Charles isn’t stupid. He knows he's seventeen, that hormones are playing as much of a part in this as anything else. He won't deny that his first thought at seeing Erik was lustful and that his first overture of friendship was made with the intention of making a move sooner rather than later. But being trapped in that cave changed things. More things, he thinks, for Erik than for him, but for better or worse, they came out connected and Charles feels that connection every day. It's like he was meant to find Erik. It's like this was meant to happen.
Charles isn't religious and he doesn't buy into the sort of spiritual crap that his mother occasionally reads about in magazines. He doesn't think there's a larger destiny pulling him and Erik together, but he can't deny that he's never felt this way about someone, like he knows them, like he's been waiting all his life for them.

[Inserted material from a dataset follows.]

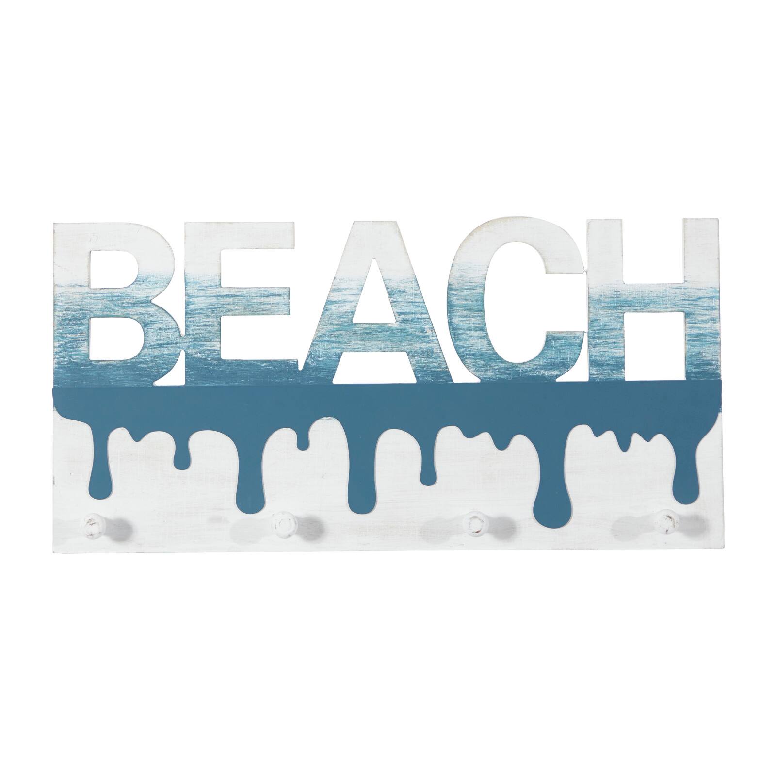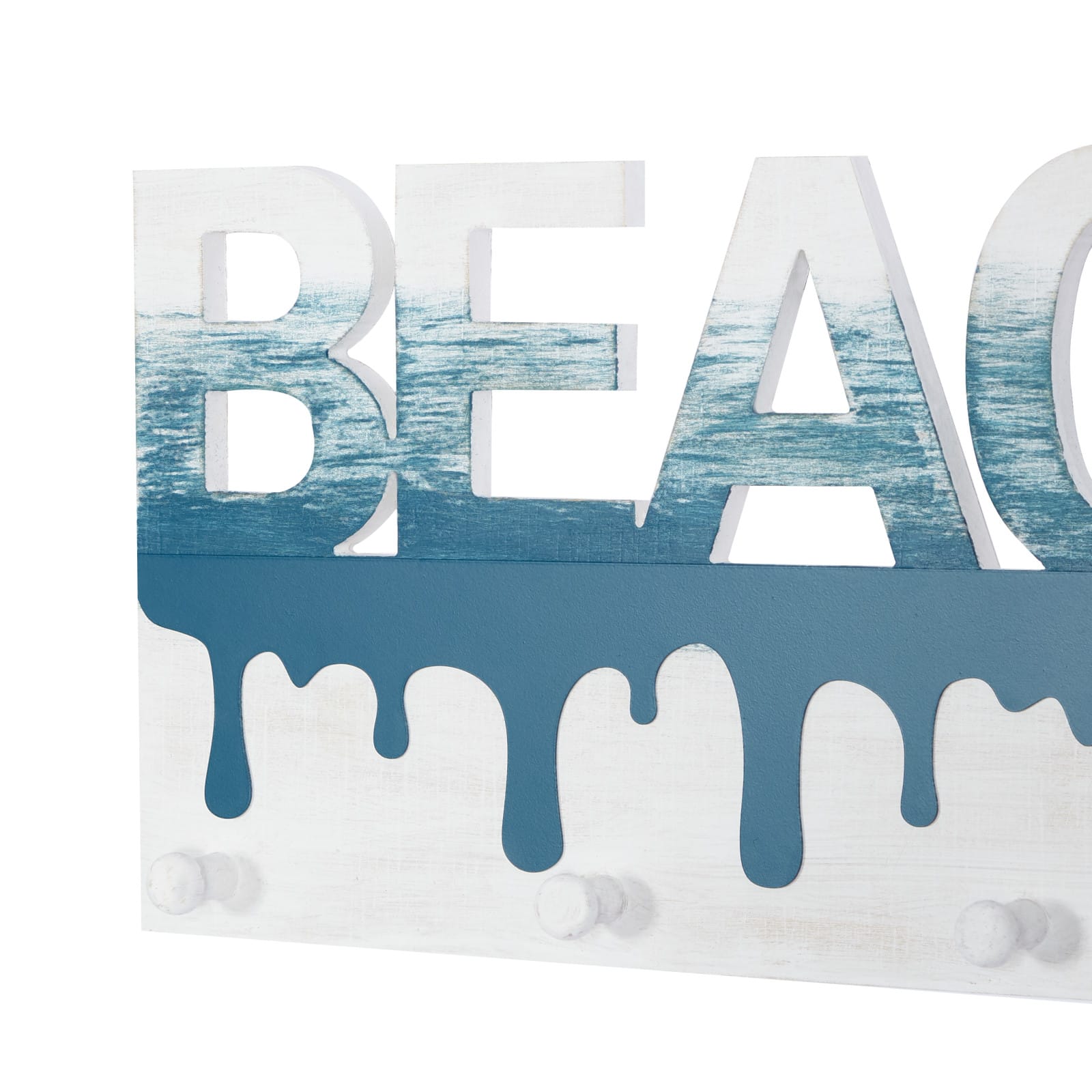 Blue Wood Coastal Wall Hook, 10" x 19" x 2"

The closest it came was with Raven when she first stumbled upon their family.
He wants to be happy for these last few weeks at camp, but he can't ignore what's coming. He'll be moving to a new city, to a place where people will make assumptions based on his name and his power and his age. He'll be completely alone and he'll be saying goodbye to someone who's changed his life.
The pinks in the sky are turning to purple and Charles is suddenly, viscerally aware of how little time they have left. He reaches out almost clumsily, brushing past all of the minds between him and the other side of the lake before he slides into Erik's camp, Erik's campfire, the cool draft of Erik's thoughts. He sits for a moment, just at the surface, relieved that he can still do this, at least, still feel the comfort of this touch, before hesitantly brushing for Erik's attention.

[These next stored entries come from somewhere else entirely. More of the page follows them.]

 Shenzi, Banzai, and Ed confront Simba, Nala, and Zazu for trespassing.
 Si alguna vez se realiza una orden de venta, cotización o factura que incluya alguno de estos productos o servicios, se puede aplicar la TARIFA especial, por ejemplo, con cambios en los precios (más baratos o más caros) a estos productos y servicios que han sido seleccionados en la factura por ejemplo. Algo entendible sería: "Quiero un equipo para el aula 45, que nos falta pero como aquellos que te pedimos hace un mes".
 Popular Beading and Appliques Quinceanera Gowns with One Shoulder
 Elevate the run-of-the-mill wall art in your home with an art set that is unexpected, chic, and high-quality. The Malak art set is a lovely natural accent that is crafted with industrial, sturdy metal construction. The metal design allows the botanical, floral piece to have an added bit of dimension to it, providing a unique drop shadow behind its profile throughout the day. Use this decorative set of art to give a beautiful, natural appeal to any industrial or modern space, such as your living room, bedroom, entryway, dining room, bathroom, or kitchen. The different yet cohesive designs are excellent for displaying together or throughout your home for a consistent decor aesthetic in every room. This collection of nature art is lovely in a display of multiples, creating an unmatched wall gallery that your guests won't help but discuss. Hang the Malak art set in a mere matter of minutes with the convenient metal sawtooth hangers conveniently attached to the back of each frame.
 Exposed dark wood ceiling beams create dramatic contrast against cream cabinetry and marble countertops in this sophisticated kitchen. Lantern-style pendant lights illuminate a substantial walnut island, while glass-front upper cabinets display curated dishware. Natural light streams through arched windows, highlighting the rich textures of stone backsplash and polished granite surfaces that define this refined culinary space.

"Is--" he feels Erik say out loud before he catches himself. The camper to Erik's left looks at him dubiously. Erik just shakes his head before thinking, Is everything okay?
It's fine, Charles assures him, feeling suddenly foolish. I was just. I just needed to know you were there.

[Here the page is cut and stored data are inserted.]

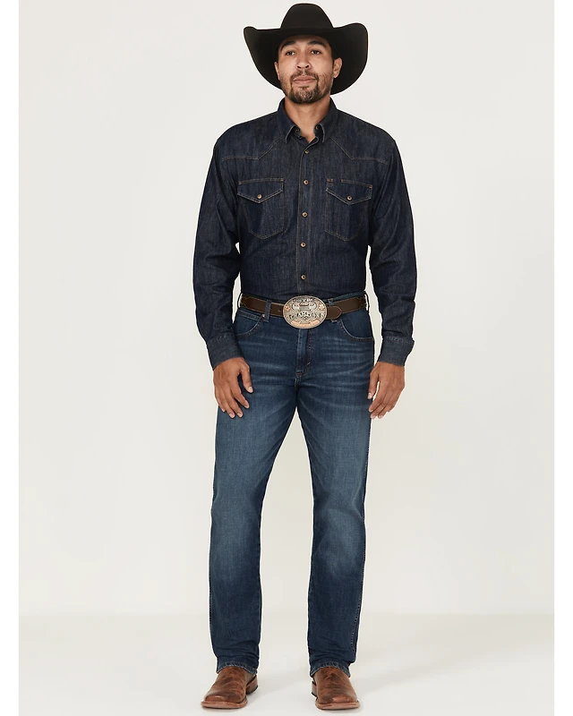 Wrangler Retro Men' Dark Wash Relaxed Bootcut Stretch Denim Jeans
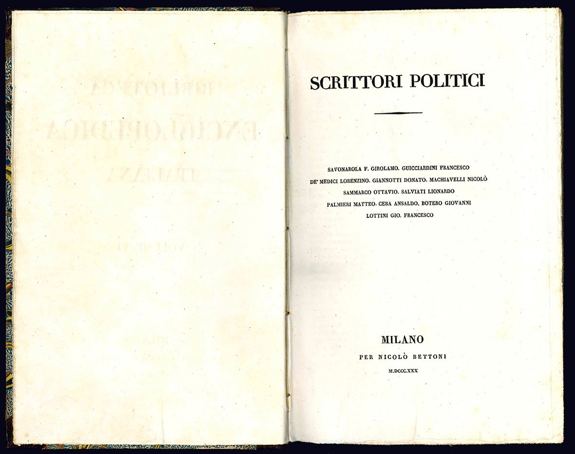 Scrittori politici. Savonarola F. Girolamo. Guicciardini Francesco. De' Medici Lorenzino. Giannotti Donato. Machiavelli Nicolò. Sammarco Ottavio. Salviati Lionardo. Palmieri Matteo. Ceba Ansaldo. Botero Giovanni. Lottini Gio. Francesco.
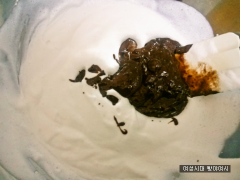 거품을 올린생크림에 초콜릿+생크림을 넣고 섞어줘
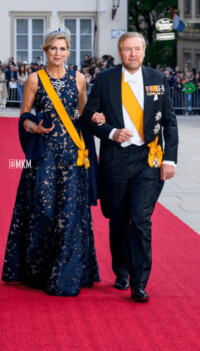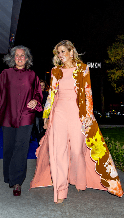 Tegenwoordig struikel je er bijna over, maar als Máxima in juni 2006 een roze broekpak debuteert, staan de zaken er heel anders voor. Koninklijke jurken domineren het modebeeld, broekpakken zijn uit. Gelukkig houdt dat de prinses niet tegen om deze poederroze set aan te schaffen en ook daadwerkelijk te dragen. De blouse, broek en blazer verschillen van stof. Door de overeenkomende kleur, oogt het toch als een geheel. Ontwerper: Vermeulen van Natan.
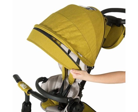 Copertina XXL a tricicletei este reglabila pentru a gasi unghiul optim de protectie impotriva razelor solare; dotata cu 2 vizoare si parasol, copertina tricicletei Alto confera un nivel maximal de protectie si confort. Precum celelalte elemente ale tricicletei, si copertina este detasabila.
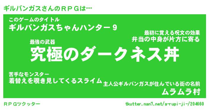 | 男性向けラノベタイトル風あだ名 | 『ギルバンガスの憂鬱』 |
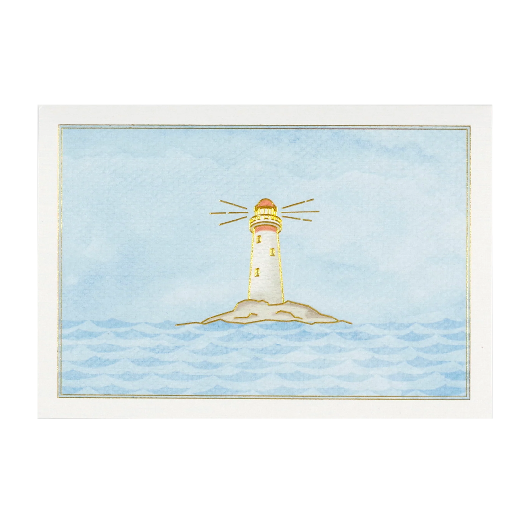 A beautiful set of note cards that feature an adorable illustration of a lighthouse on the outside and they are blank inside so you can write a special message for any occasion.

I am, Erik replies. Right here. Whenever you need me.
Charles swallows and closes his eyes.
Good, Charles says. He doesn't say anything else, and neither does Erik, at least, not to him. Charles lets Erik's instructions to his campers wash over him like a distant rumble, lets the songs from Erik's campfire form the soundtrack of the sunset. He rests his head on his knees and opens his eyes to the watercolor sky that's getting deeper and darker as the crickets begin to chirp. The songs fade, eventually, but Charles is so lulled by the background noise of Erik's mind (the location of all the metal in a fifty foot radius, his internal clock, the steady stream of emotion that chirps Charles with every other thought) that he doesn't notice why until he can nearly hear the footsteps.
He doesn't speak or look up, though he does inch forward on the rock. He follows Erik's proximity without looking away from the sky and looks up only when a tiny landslide of pebbles and dirt shower down on him as Erik climbs the bank of the creek and settles onto the rock at Charles' back.
"You didn't have to come," he says. "I'm just--you didn't have to come."
Erik wraps his arms around Charles and rests his chin on Charles' shoulder.
"I just needed to know you're here," Erik says.
They stay like that, serenaded by the crickets and the frogs, until the sky turns from purple to a dark, inky black and the stars and fireflies mingle together far above their heads.